Saat Anda menggunakan peralatan saji atau bumbu bersama yang disentuh banyak orang, pastikan tangan Anda bersih sebelum mengambil makanan di piring Anda.

“Tangan tamu lain mungkin belum dicuci bersih setelah menggunakan kamar kecil atau… ada di mulut mereka saat pertama kali menjilat jari,” kata Dr.Jonathan Deutsch, profesor seni kuliner dan sains di Universitas Drexel. “Saya selalu berusaha membersihkan tangan saya antara membuat piring dan duduk untuk makan.”

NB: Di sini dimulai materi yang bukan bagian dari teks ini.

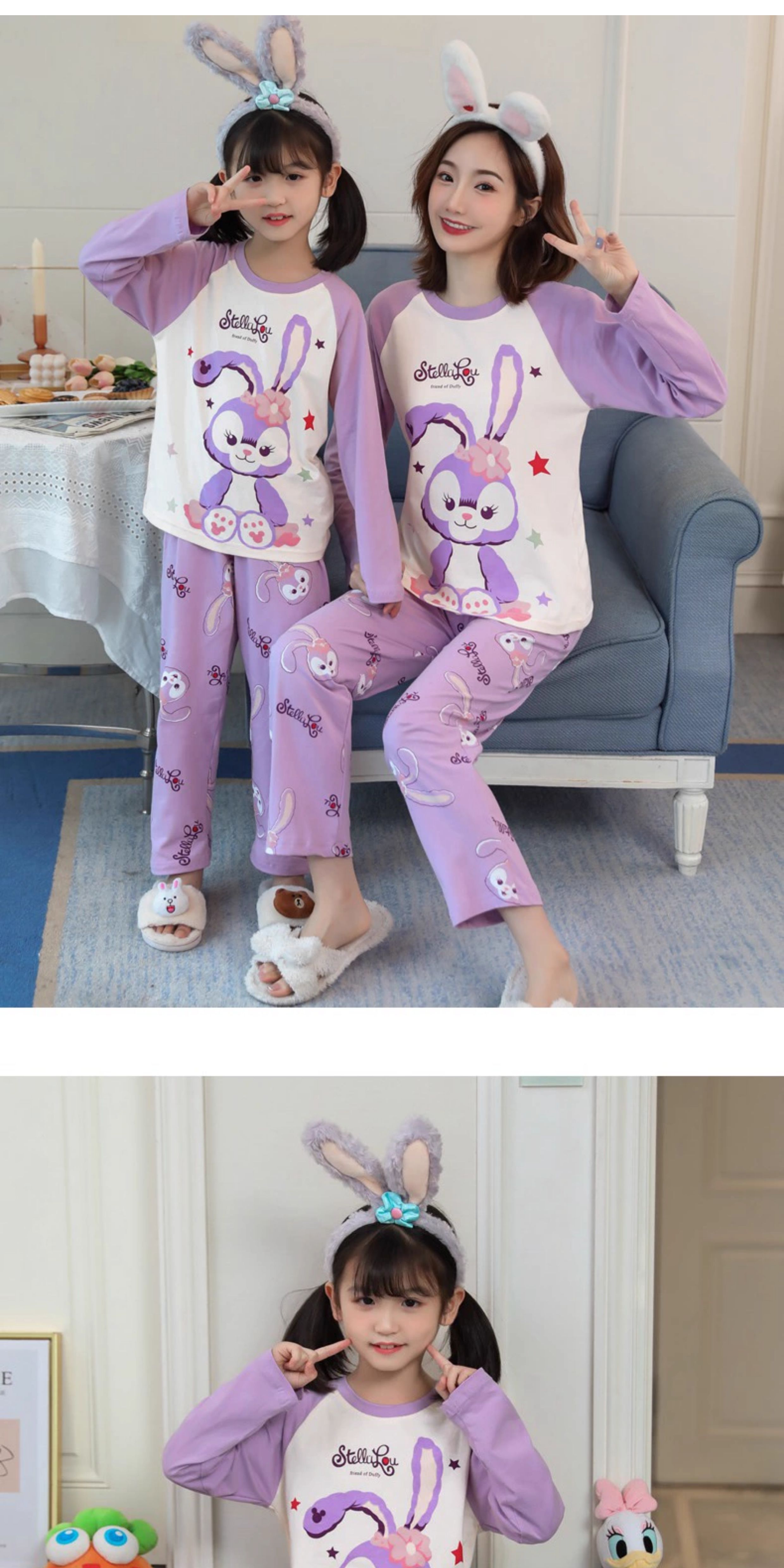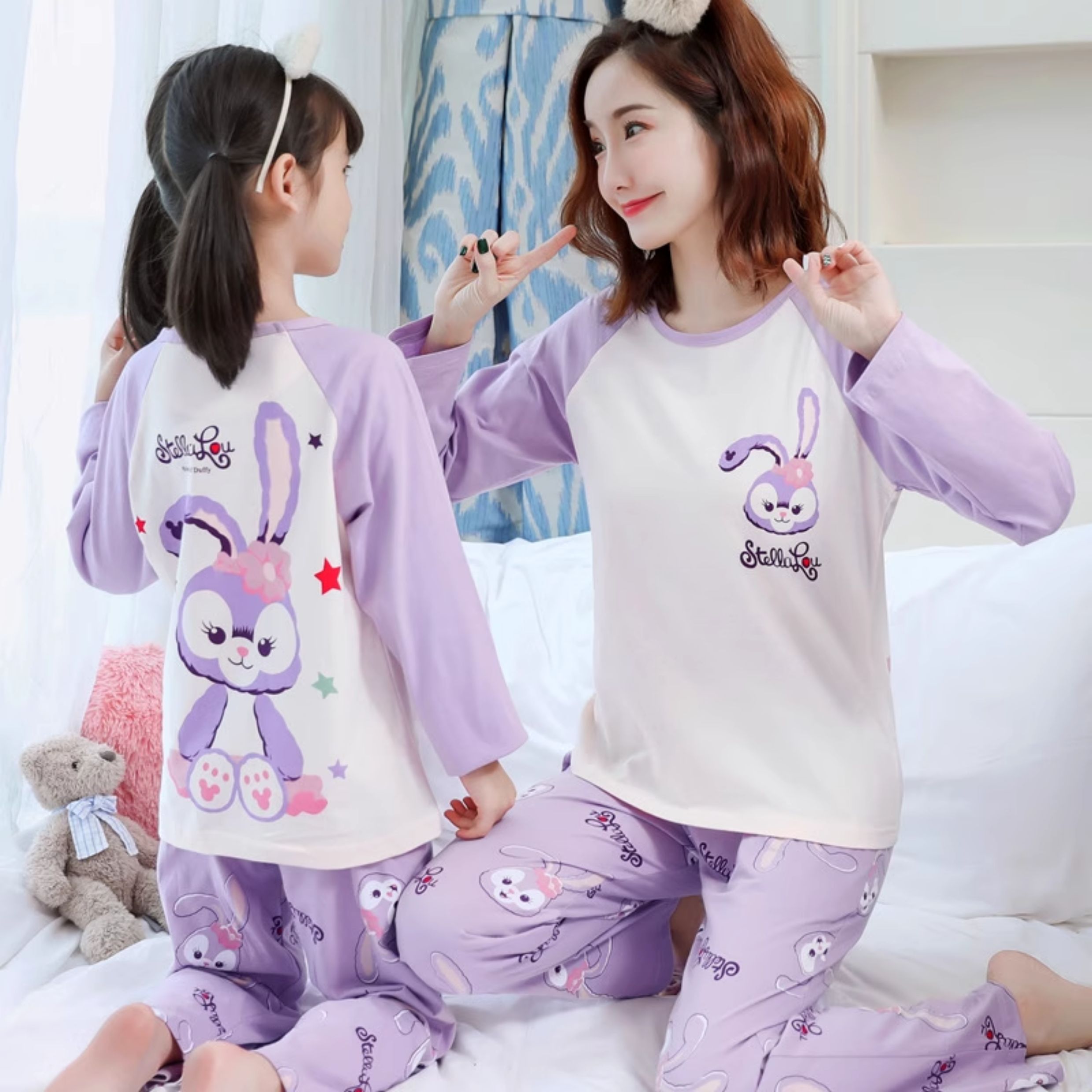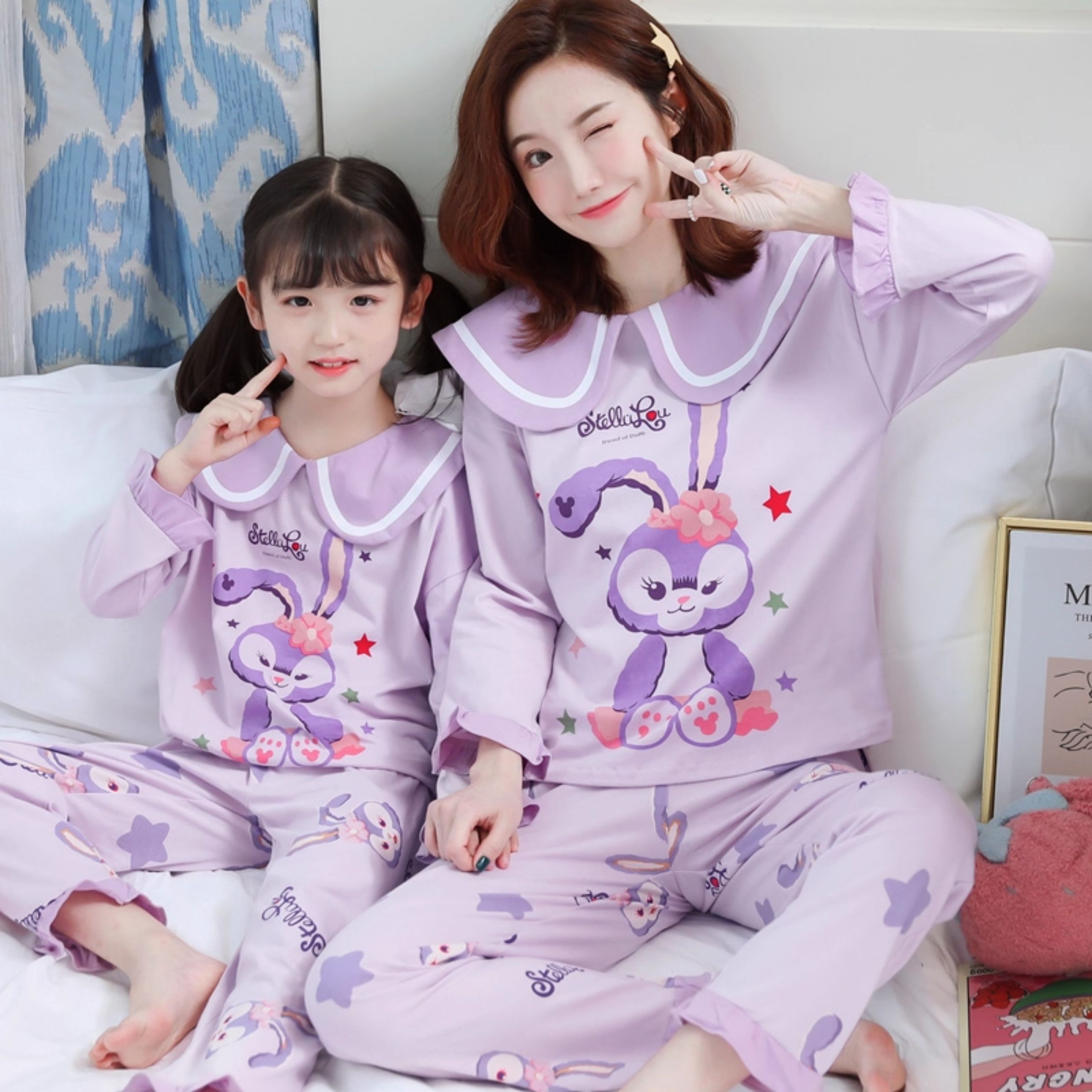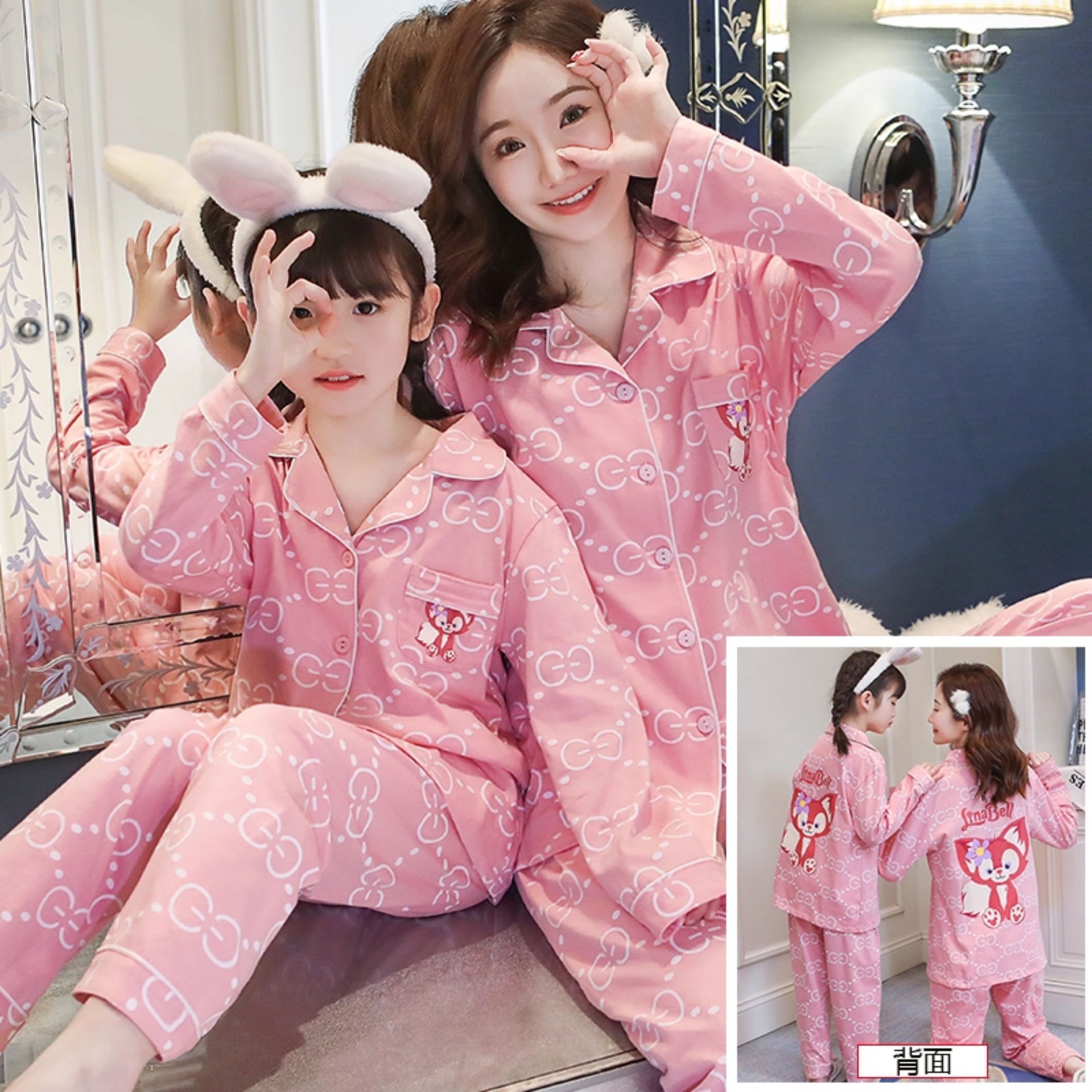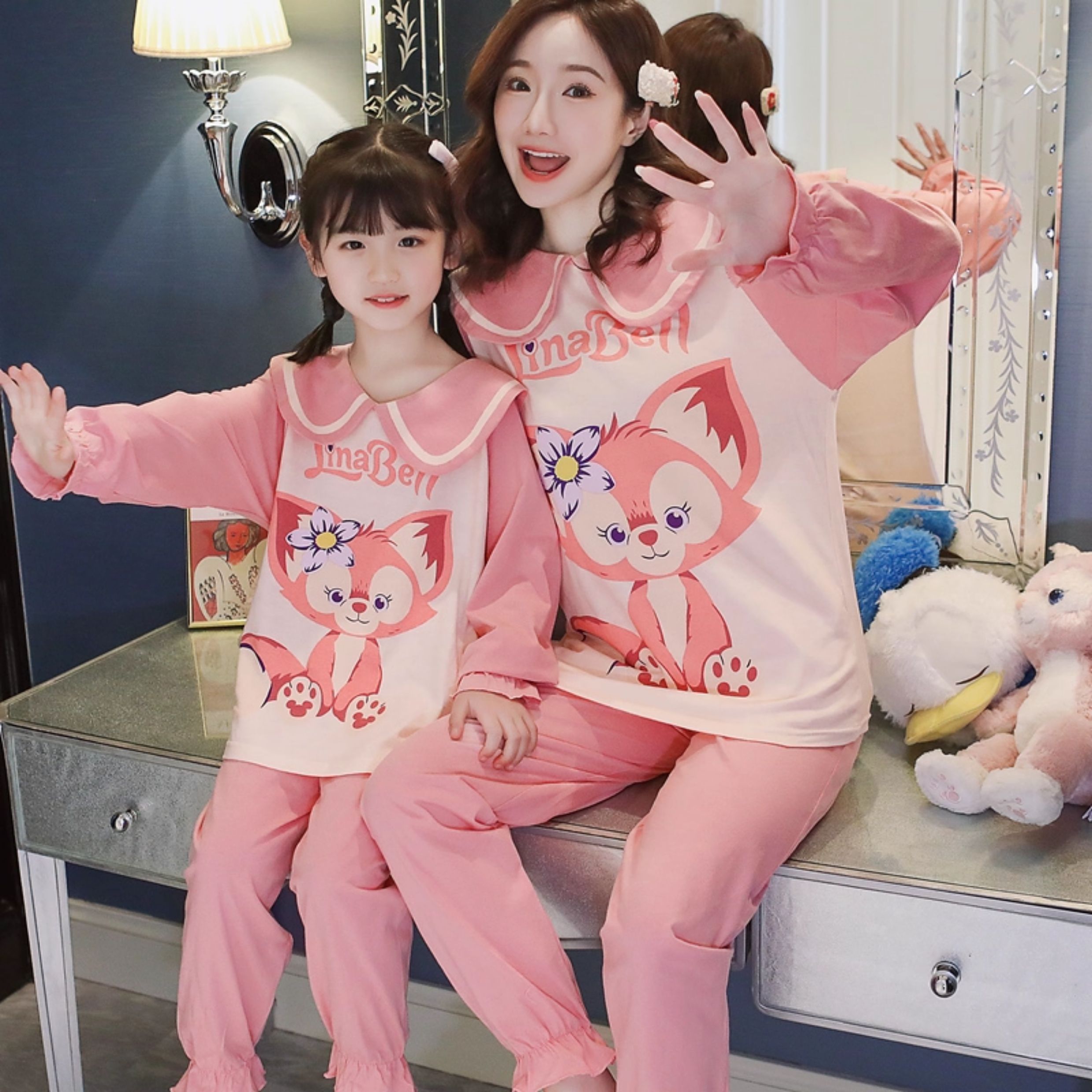 洋氣母女睡衣純棉長袖親子裝春秋季可愛女孩中大童卡通兒童家居服

Norovirus, yang dikenal sebagai “penyakit perut”, adalah penyebab paling mungkin yang berpindah dari tangan yang tidak bersih ke peralatan dan permukaan benda.

“Jika tidak dibersihkan dan disanitasi, norovirus dapat bertahan di permukaan benda selama berminggu-minggu,” kata Shumaker.

Makanan dan minuman apa yang paling aman untuk dimakan saat sarapan di lodge?

Memastikan makanan dan minuman disajikan pada suhu yang tepat dan mencuci tangan sebelum makan adalah dua pedoman terpenting. Ada beberapa makanan lain yang menurut para ahli paling aman untuk dikonsumsi.

“Saya akan percaya [packaged foods, like muffins or individual yogurts] lebih hanya karena ada banyak proses yang terlibat untuk memastikan hal itu [they] tetap aman,” kata Le. “[And] tidak ada yang menyentuh atau memegangnya.”

Deutsch mengatakan buah-buahan utuh yang belum dipotong (seperti pisang atau jeruk), pilihan yang dimasak sesuai pesanan seperti omelet, dan sereal dalam dispenser (cuci tangan setelah menyentuh pegangannya) juga biasanya merupakan pilihan yang aman, terutama jika Anda' kembali mengalami imunokompromais.

Bagi orang-orang yang berisiko lebih tinggi mengalami keracunan makanan (sistem kekebalan tubuh lemah, hamil, berusia 65 tahun ke atas, atau lebih muda dari 5 tahun), mereka harus mewaspadai pilihan makanan yang lebih aman untuk dimakan dan apa yang harus dihindari. Meskipun siapa pun bisa mengalami keracunan makanan, orang-orang dalam kelompok ini bisa mengalami sakit parah karenanya, menurut Badan Kesehatan Dunia (WHO). CDC.

Lakukan riset Anda – dan ikuti naluri Anda.

Selain pedoman keselamatan di atas, Anda juga dapat memeriksa laporan inspeksi restoran dan lodge. (Mereka biasanya tersedia untuk umum di Amerika Serikat dan banyak negara lain, menurut Deutsch.)

Dan ketika Anda makan di restoran atau lodge, “jangan takut untuk bertanya tentang bagaimana makanan ditangani,” kata Deutsch. “Dan ikuti naluri Anda – jika Anda melihat sesuatu yang meragukan atau jika Anda memiliki kondisi kesehatan yang membuat Anda sangat rentan, sediakan beberapa protein batangan.”